See also: Original example on slush's pool site


Methods (client to server)

mining.authorize

mining.authorize("username"[, "password"])

The result from an authorize request is usually true (successful), or false. The password may be omitted if the server does not require passwords.

mining.get_transactions

mining.get_transactions("job id")

Server should send back an array with a hexdump of each transaction in the block specified for the given job id.

mining.submit

mining.submit("username", "job id", "ExtraNonce2", "nTime", "nOnce")

Miners submit shares using the method "mining.submit". Client submissions contain:

  1. Worker Name.
  2. Job ID.
  3. ExtraNonce2.
  4. nTime.
  5. nOnce.

Server response is result: true for accepted, false for rejected (or you may get an error with more details).

mining.subscribe

mining.subscribe("user agent/version"[, "extranonce1"])

The optional second parameter specifies an extranonce1 the client wishes to resume working with (possibly due to a dropped connection). If provided, a server MAY (at its option) issue the connection the same extranonce1.

The client receives a result:

[[["mining.set_difficulty", "subscription id 1"], ["mining.notify", "subscription id 2"]], "extranonce1", extranonce2_size]

The result contains three items:

  • Subscriptions. - An array of 2-item tuples, each with a subscription type and id.
  • ExtraNonce1. - Hex-encoded, per-connection unique string which will be used for creating generation transactions later.
  • ExtraNonce2_size. - The number of bytes that the miner users for its ExtraNonce2 counter.

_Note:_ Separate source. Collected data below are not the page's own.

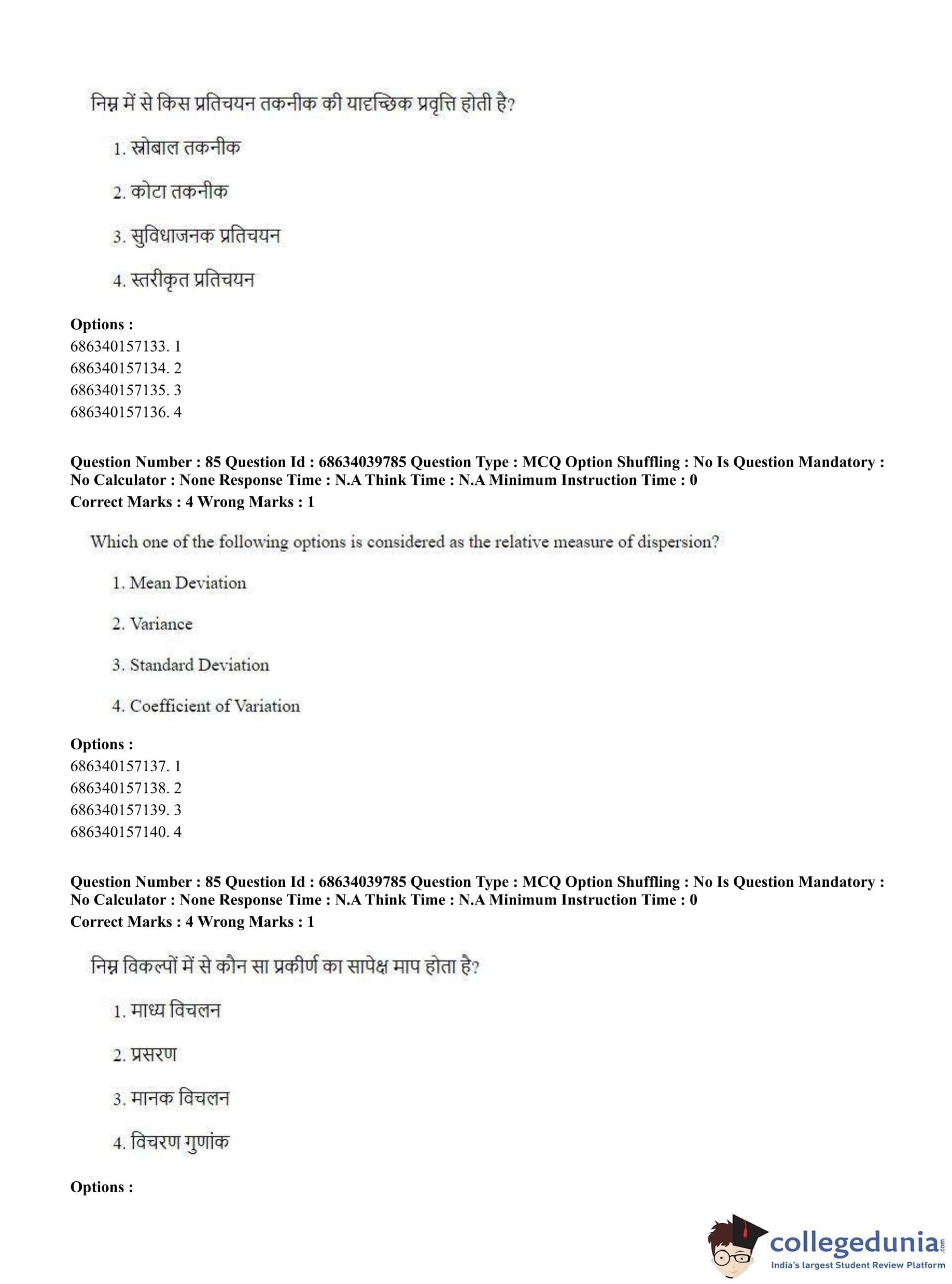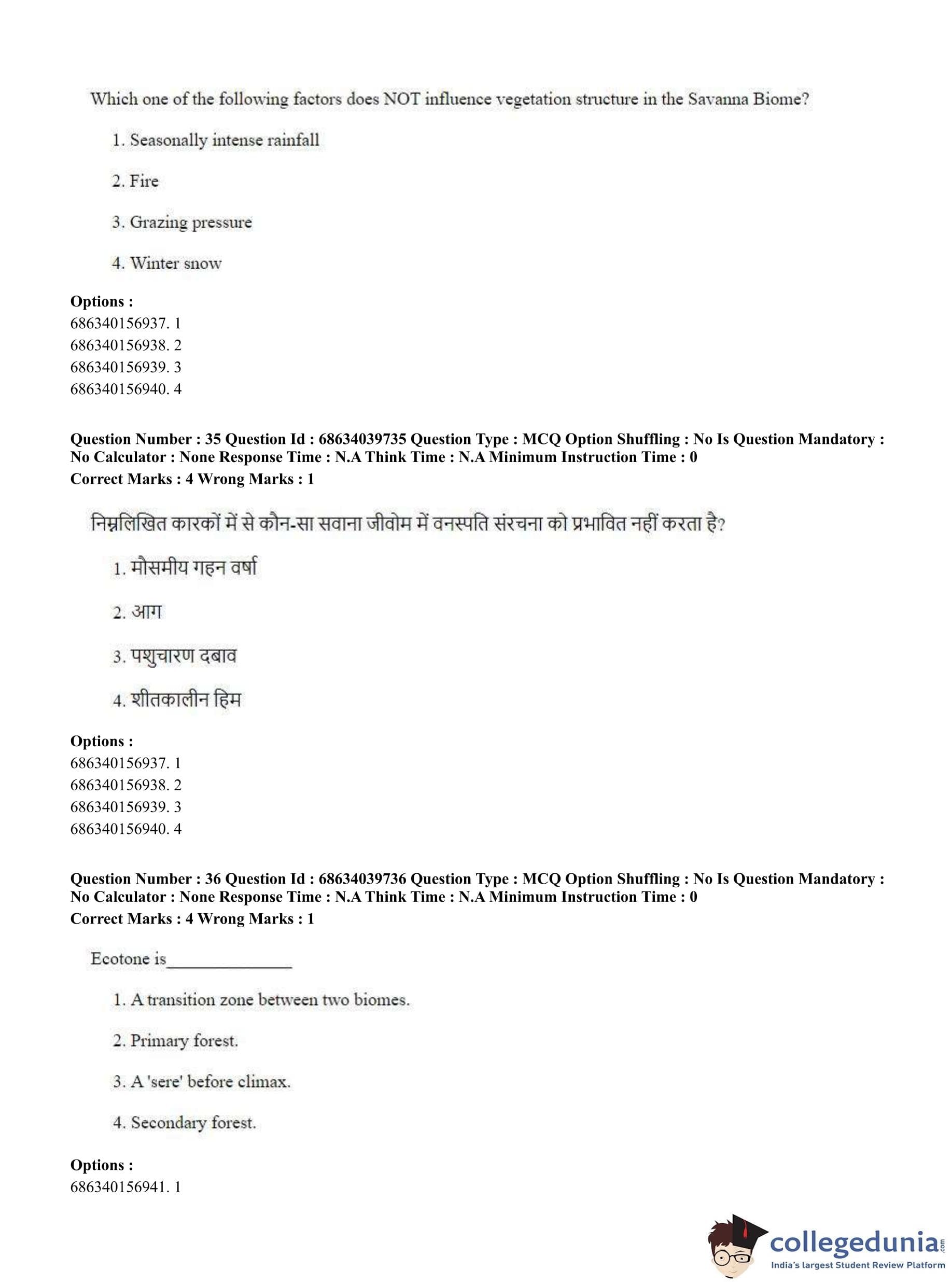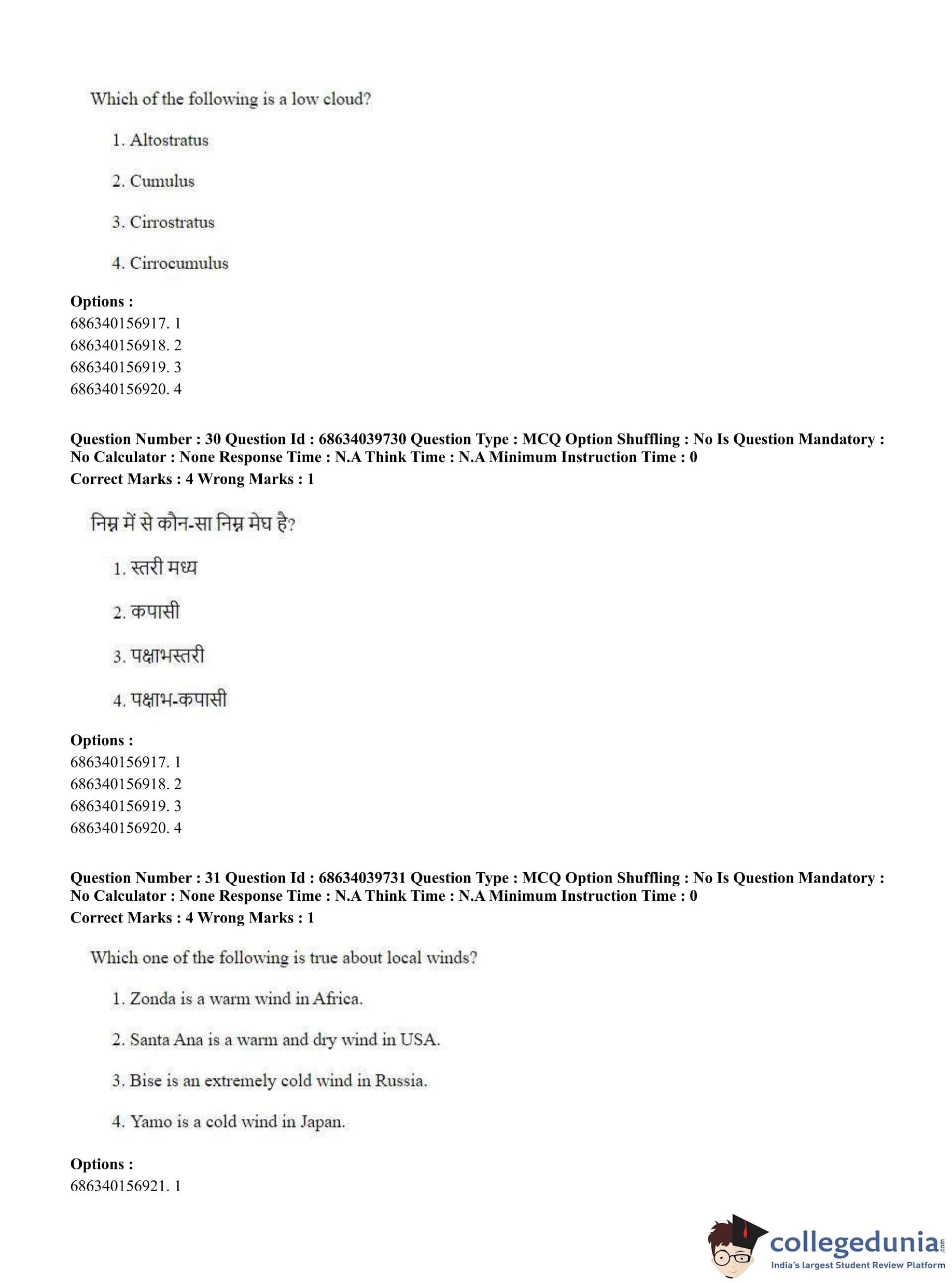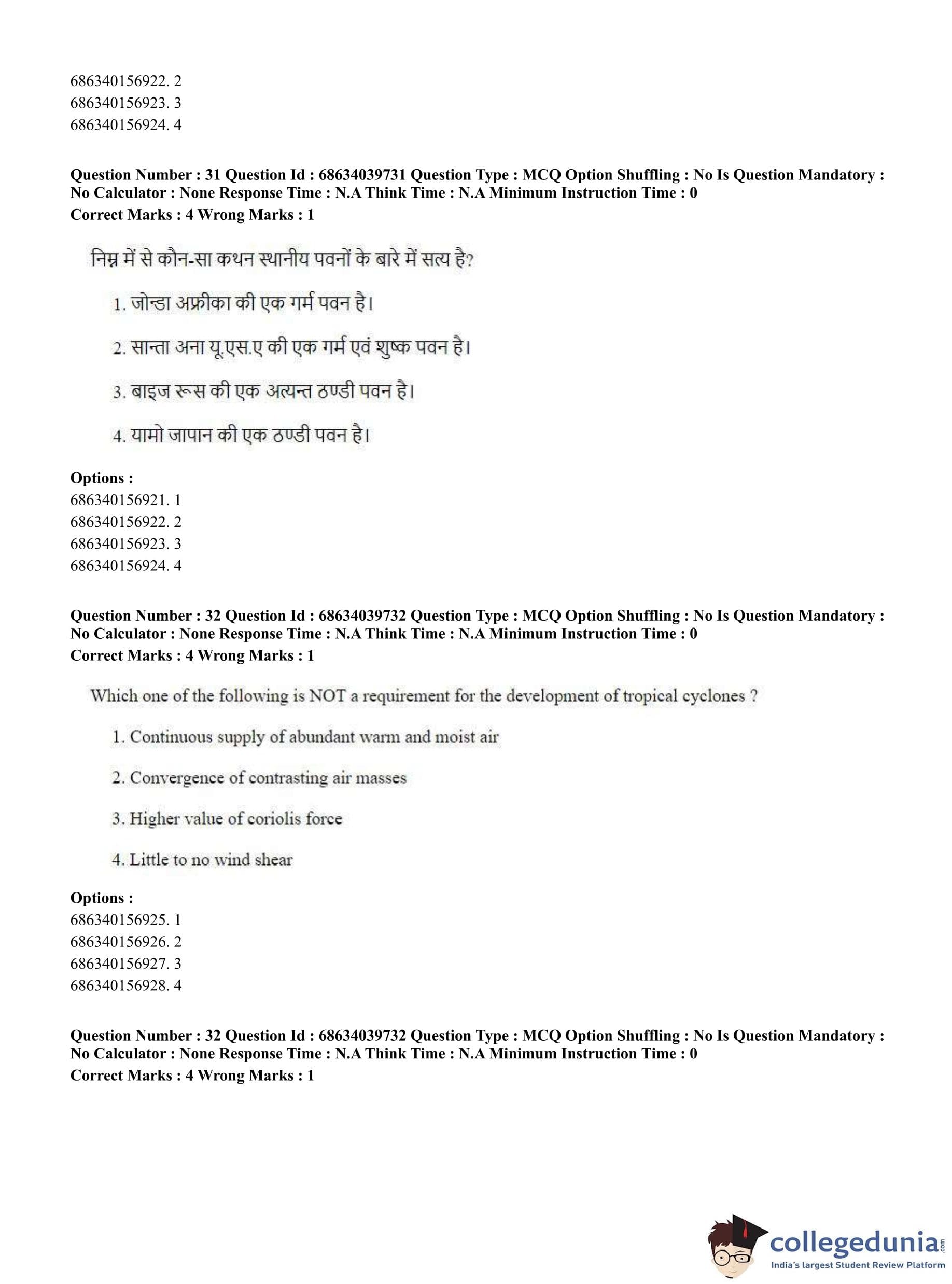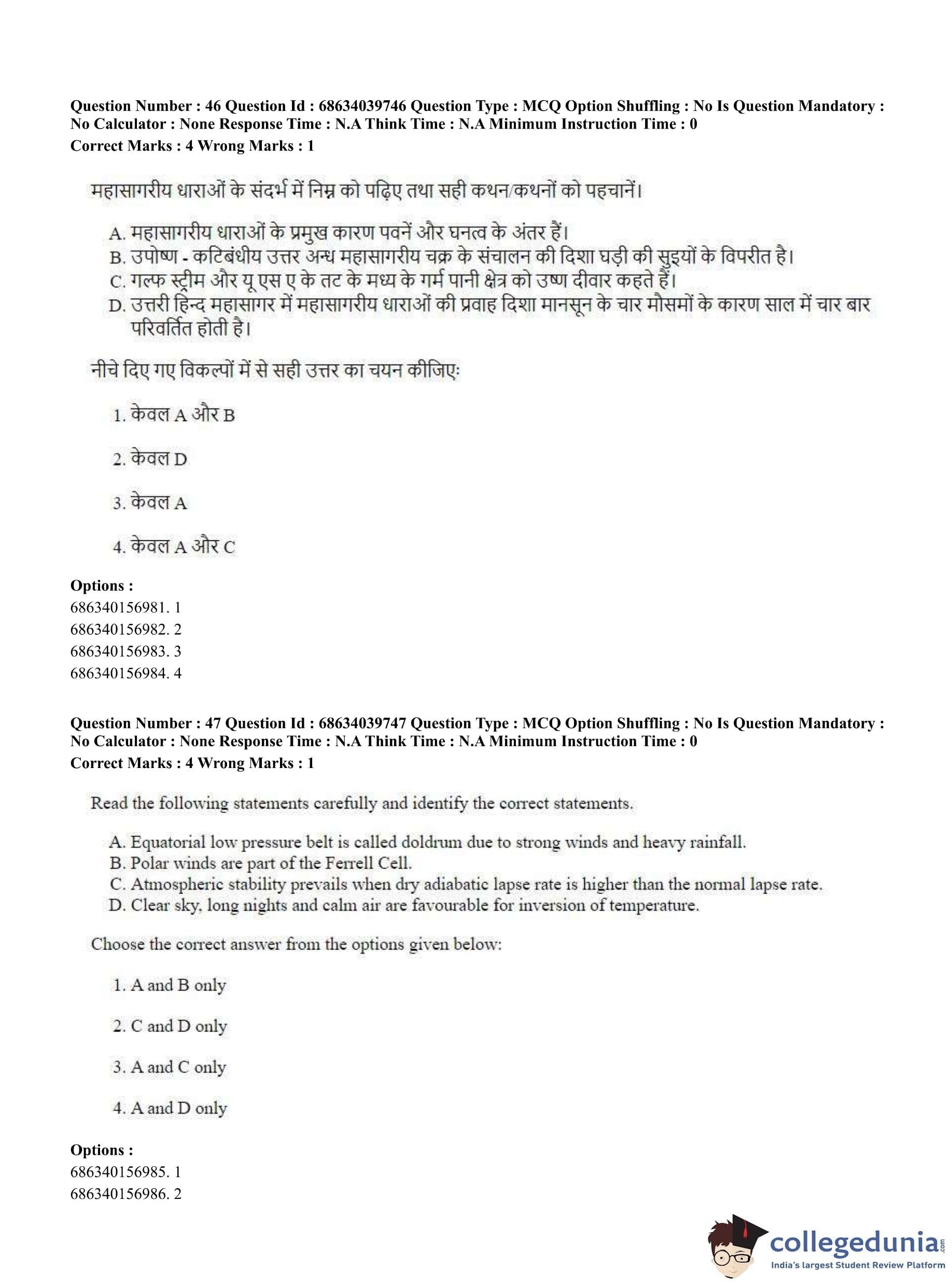 CUET PG 2023 Geography Question Paper in Hindi (June 25 - Shift 3)
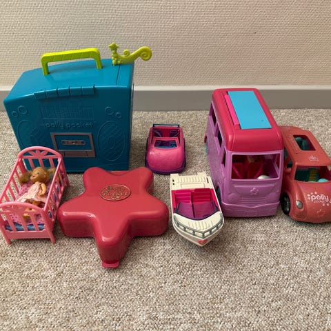 Polly Pocket cirkusvogn med hest, hund og dukke.
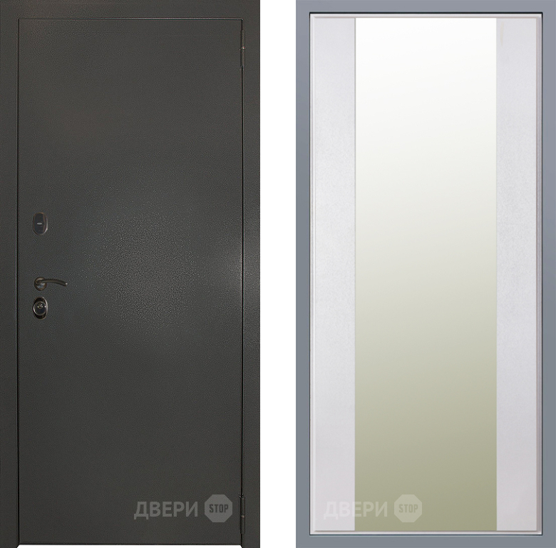Входная Дверь Заводские двери Эталон 3к антик серебро Зеркало Макси Белый шелк 960x2050 мм
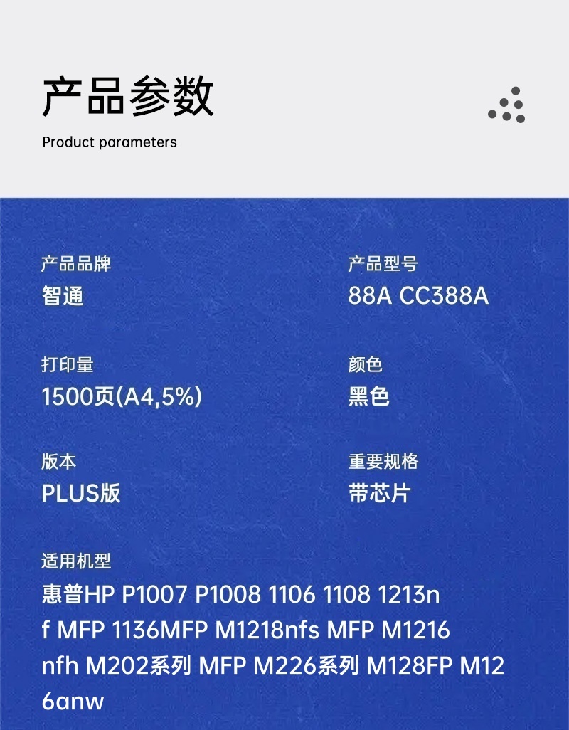 智通 88A CC388A 硒鼓 PLUS版 带芯片 黑色 1500页(A4,5%)单支装(适用惠普HP P1007 P1008 1106 1108 1213nf MFP 1136MFP M1218nfs)
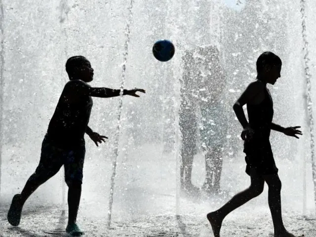 Kinder spielen in Frankfurt am Main bei hochsommerlichen Temperaturen in einem Springbrunnen.
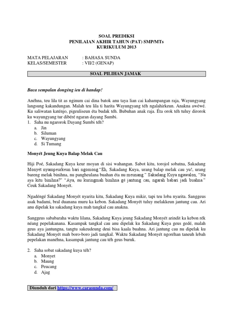 Soal Dan Kunci Jawaban Pat Bahasa Sunda Kelas 7 Kurikulum 2013 Soal Pelajaran
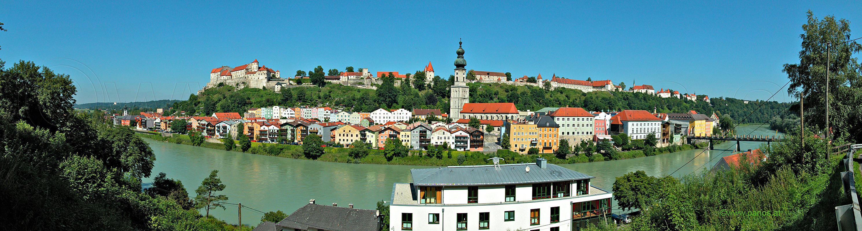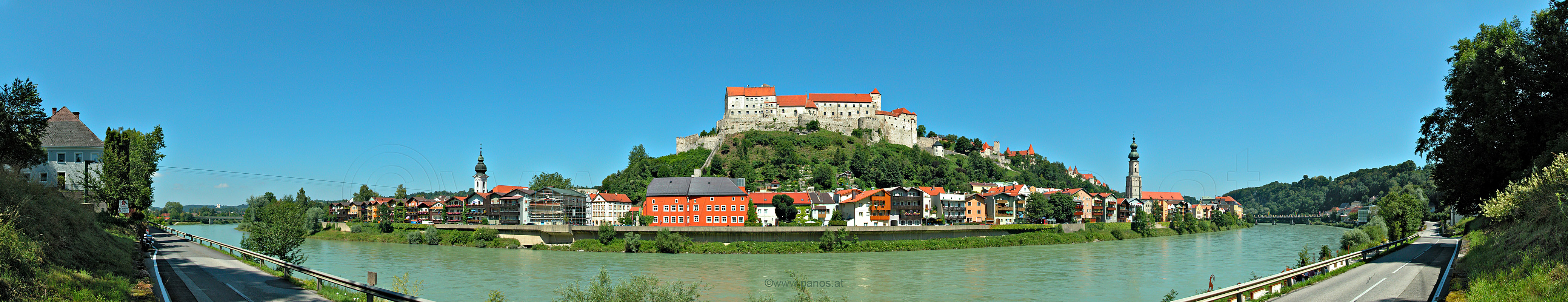 Burghausen, Rundblick vom Dach der Hauptburg, 16. 7. 2004 13841 x 2665 = 37 MegaPixel, Fotogröße 352 x 68 cm bei 100ppi interaktives Bild mit Quicktime oder Flash

Methods (server to client)

mining.notify

mining.notify(...)

Fields in order:

  1. Job ID. This is included when miners submit a results so work can be matched with proper transactions.
  2. Hash of previous block. Used to build the header.
  3. Generation transaction (part 1). The miner inserts ExtraNonce1 and ExtraNonce2 after this section of the transaction data.
  4. Generation transaction (part 2). The miner appends this after the first part of the transaction data and the two ExtraNonce values.
  5. List of merkle branches. The generation transaction is hashed against the merkle branches to build the final merkle root.
  6. Bitcoin block version. Used in the block header.
  7. nBits. The encoded network difficulty. Used in the block header.
  8. nTime. The current time. nTime rolling should be supported, but should not increase faster than actual time.
  9. Clean Jobs. If true, miners should abort their current work and immediately use the new job. If false, they can still use the current job, but should move to the new one after exhausting the current nonce range.

mining.set_difficulty

mining.set_difficulty(difficulty)

The server can adjust the difficulty required for miner shares with the "mining.set_difficulty" method. The miner should begin enforcing the new difficulty on the next job received. Some pools may force a new job out when set_difficulty is sent, using clean_jobs to force the miner to begin using the new difficulty immediately.

Software support

Tables showing miner/server support for Stratum mining protocol:

Criticism

Closed development

The mining extensions have been criticised as having been developed behind closed doors without input from the wider development and mining community, resulting in various obvious problems that could have been addressed had it followed the standard BIP drafting process[4].

Displacing GBT

The mining extensions were announced after the community had spent months developing a mostly superior open standard protocol for mining (getblocktemplate)[5]. Because stratum's mining extensions launched backed by a major mining pool, GBT adoption suffered, and decentralised mining is often neglected while stratum is deployed.